DETAILED DESCRIPTION
Described herein are techniques and architecture that allow a
computing system to automatically infer one or more events that
occur during an application session involving activity on a
network, such as the Internet. Such an application session may be
interactions with, for example, Google.RTM., Facebook.RTM.,
Pandora.RTM., Wikipedia.RTM., banking websites, various news
websites, and so on. Events refer to any of a number of activities
or transactions that may occur during the application session. For
example, as herein used, an event is selecting (e.g., by a user of
a client device) a link associated with an advertisement posted on
a webpage of a website (e.g., Google.RTM., Facebook.RTM., and so
on). Another example of an event is an upload or download of data
between a client device and an entity on the network. Still other
examples of events include a user of a client device entering a
website, browsing the website, and exiting the website.
An ability of a computing system to automatically infer an event
that occurs during an application session may provide a number of
benefits. For example, increasingly, inference may necessarily
replace direct detection or measurement of events because security
and encryption of network activity between a client device and a
website has been, and is expected to be, continually increasing. In
other words, it is becoming increasingly difficult to detect
activities of a user as the use of network and website encryption
increases. Thus, event inference may be a relatively important tool
for gaining general knowledge of web traffic flow, marketing
analysis, and so on.
In various embodiments, a computing system may automatically infer
an event that occurs during an application session by gathering
network transaction data for network transactions performed by one
or more client devices of a wireless communication network. For
example, such network transactions include, but are not limited to,
a user of a client device selecting a link associated with an
advertisement posted on a webpage of a website, an upload or a
download of data between a client device and an entity (e.g.,
Cloud, website, etc.) on the network, the entering a website,
browsing the website, and exiting the website, just to name a few
examples. Data associated with such network transactions may
include any measurable or detectable quantity such as, for example,
timestamp, duration, quantity and direction of data transferred,
type of data transferred, rate of data transfer, frequency of
occurrence of such network transactions by a particular user,
metrics associated with user behavior, historical network
transaction data, and so on. In some examples, data associated with
such network transactions may be stored in a weblog associated with
a particular client device.
The computing system may generate network activity signatures
based, at least in part, on the network transaction data. As
explained in detail below, a network activity signature is a
representation of the network transaction data, or at least a
portion thereof. In a particular example, a network activity
signature may be an alphanumeric string that represents the network
transaction data in an encoded fashion. In this situation, one part
of the alphanumeric string may represent time durations or time
stamps, another part of the alphanumeric string may represent a
particular website, another part of the alphanumeric string may
represent a habits or personal preferences of a particular user,
and so on, for example.
The computer system may apply pattern recognition and/or machine
learning to a network activity signature to infer events associated
with the network activity signature. Success rate and reliability
of inference may increase by a priori having a relatively large
number of network activity signatures used as training for the
machine learning, for example. Thus, in some embodiments, the
computer system may, over a relatively long period of time, collect
a relatively large amount of network transaction data of many users
to generate a database of network activity signatures. Individual
network activity signatures generated afterward may subsequently be
compared (e.g., by pattern recognition, sequence analysis, and/or
machine learning) to such a database to allow the computer system
to infer one or more events represented, at least in part, by an
individual network activity signature.
FIG. 1 schematically illustrates an example of a wireless
communication network 100 (also referred to herein as network 100)
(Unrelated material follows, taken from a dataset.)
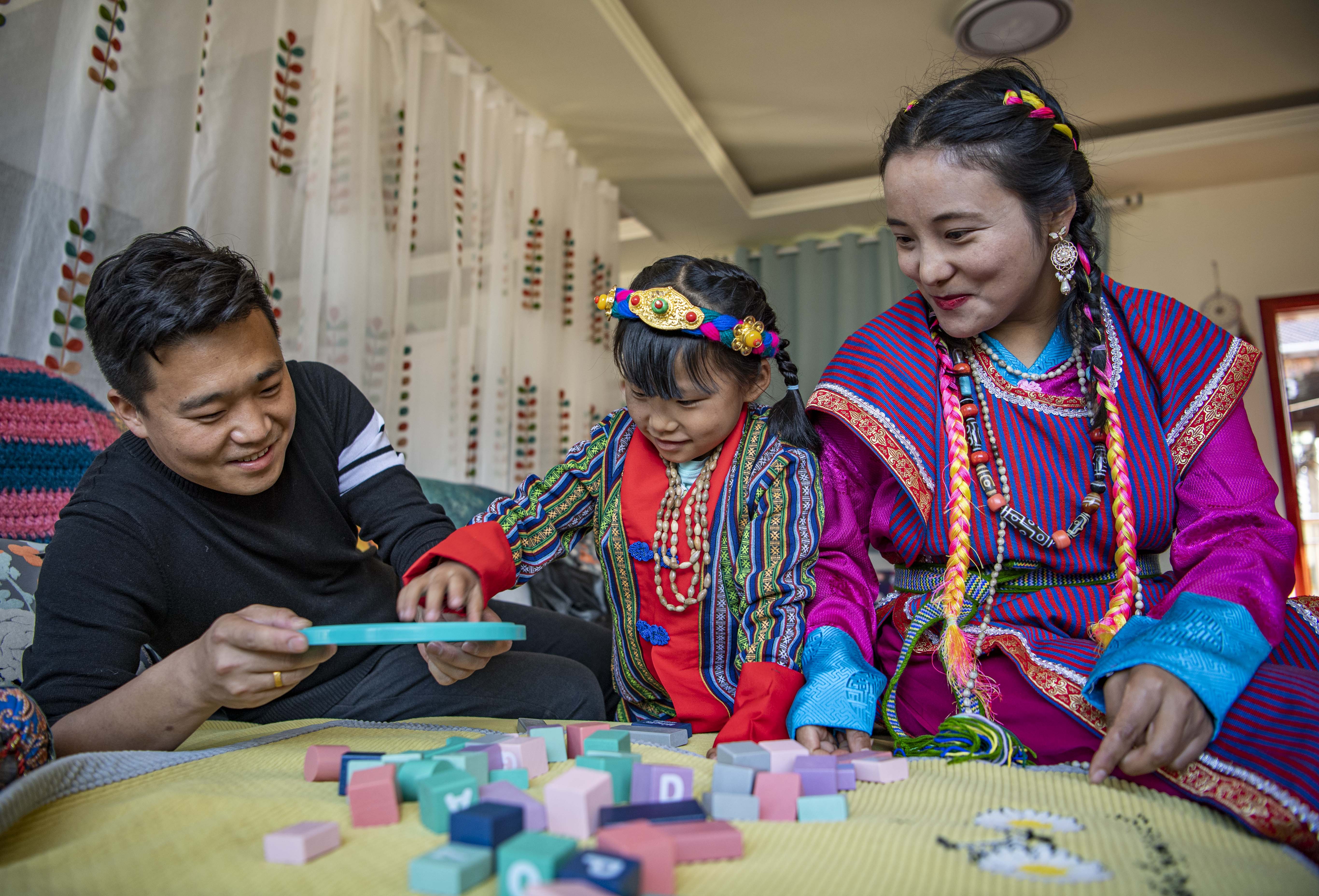 ↑2021年2月11日,在位于西藏林芝市墨脫縣的家中,山西小伙張淳煥和門巴族妻子扎西玉珍陪女兒玩積木。

that may be accessed by mobile devices 102 (which need not
necessarily be mobile and are also referred to herein as client
devices). As can be seen, in various configurations, the wireless
communication network 100 includes multiple nodes and networks. The
multiple nodes and networks may include one or more of, for
example, a regional business office 104, one or more retail stores
106, cloud services 108, the Internet 110, a call center 112, a
data center 114, a core net/backhaul network 116, a mobile switch
office (MSO) 118, and a carrier Ethernet 120. Wireless
communication network 100 may include other nodes and/or networks
not specifically mentioned, or may include fewer nodes and/or
networks than specifically mentioned. In some examples, network 100
may provide infrastructure for one or more events that occur during
an application session.
Access points such as, for example, cellular towers 122, can be
utilized to provide access to wireless communication network 100
for mobile devices 102. In various configurations, wireless
communication network 100 may represent a regional or subnetwork of
an overall larger wireless communication network. Thus, a larger
wireless communication network may be made up of multiple networks
similar to wireless communication network 100 and thus the nodes
and networks illustrated in FIG. 1 may be replicated within the
larger wireless communication network.
In configurations, mobile devices 102 may comprise any devices for
communicating over a wireless communication network. Such devices
include mobile telephones, cellular telephones, mobile computers,
Personal Digital Assistants (PDAs), radio frequency devices,
handheld computers, laptop computers, tablet computers, palmtops,
pagers, as well as desktop computers, devices configured as
Internet of Things (IoT) devices, integrated devices combining one
or more of the preceding devices, and/or the like. As such, mobile
devices 102 may range widely in terms of capabilities and features.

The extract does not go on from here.